● Work task:
The expected output is an exact copy of the lines from the one containing "남성용 잠옷 여름 얼음" to the final line below, minus any pictures.

● Source data:
Start of Block

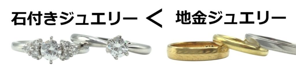 たとえば、色石や小粒のダイヤが沢山付いているデザイン場合、石の種類や品質によっては評価がつきにくく、逆に地金部分の重さや純度を正確に測ることができなくなってしまいます。
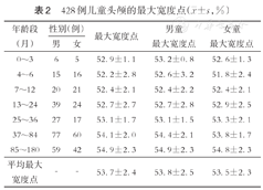 | 年龄段(月) | 性别(例) | 最大宽度点 | 男童最大宽度点 | 女童最大宽度点 | |
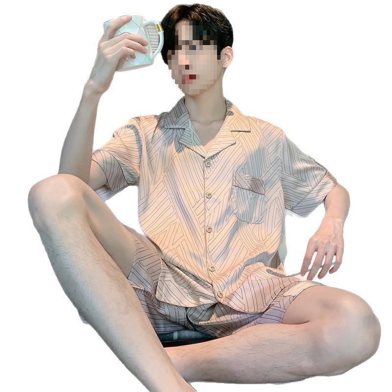 남성용 잠옷 여름 얼음 실크 반팔 여름 남성용 시뮬레이션 실크 여름 2025 새로운 얇은 가정 의류 세트
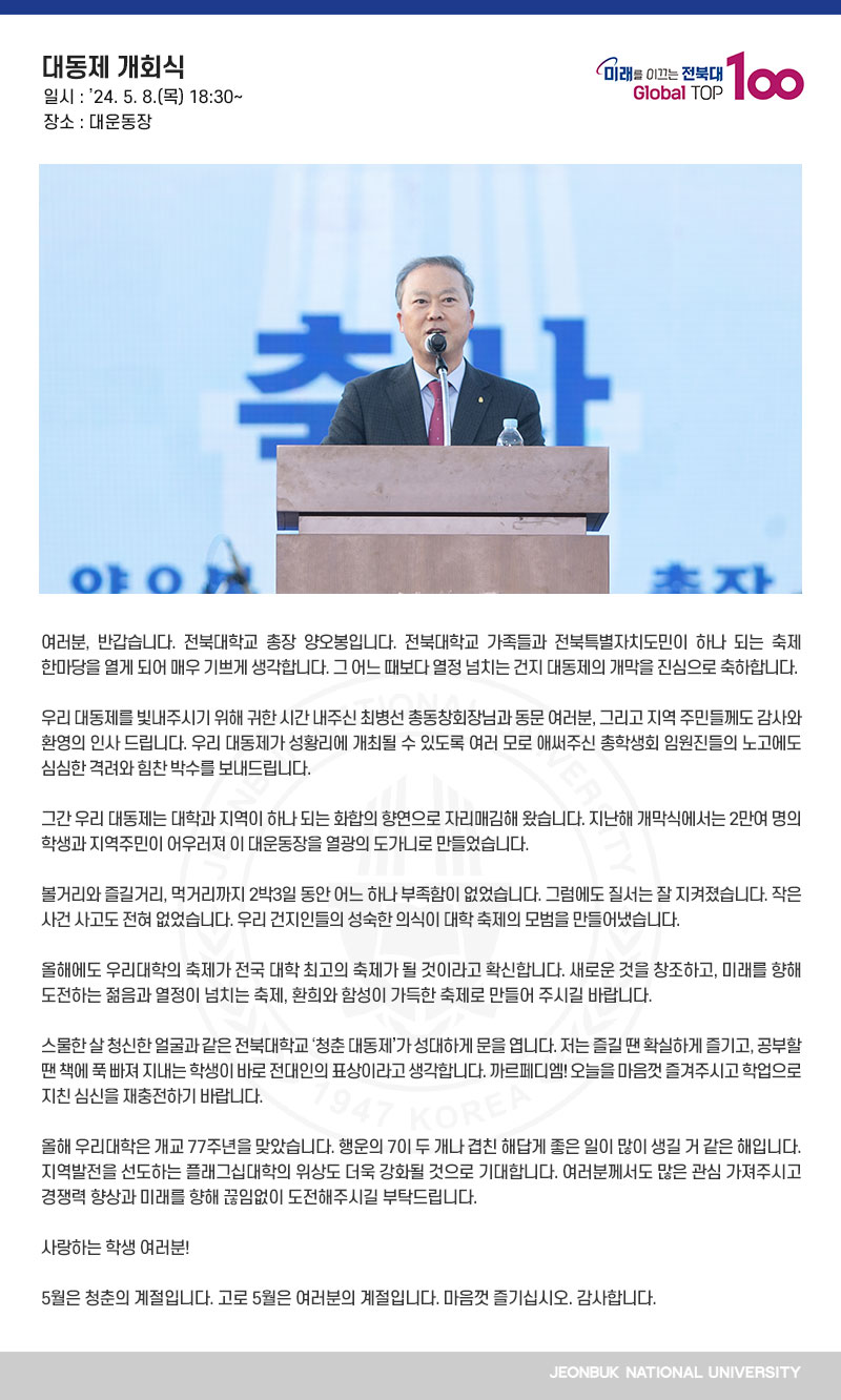여러분, 반갑습니다. 전북대학교 총장 양오봉입니다. 전북대학교 가족들과 전북특별자치도민이 하나 되는 축제 한마당을 열게 되어 매우 기쁘게 생각합니다. 그 어느 때보다 열정 넘치는 건지 대동제의 개막을 진심으로 축하합니다.

End of Block

● Exercise response:
 남성용 잠옷 여름 얼음 실크 반팔 여름 남성용 시뮬레이션 실크 여름 2025 새로운 얇은 가정 의류 세트
여러분, 반갑습니다. 전북대학교 총장 양오봉입니다. 전북대학교 가족들과 전북특별자치도민이 하나 되는 축제 한마당을 열게 되어 매우 기쁘게 생각합니다. 그 어느 때보다 열정 넘치는 건지 대동제의 개막을 진심으로 축하합니다.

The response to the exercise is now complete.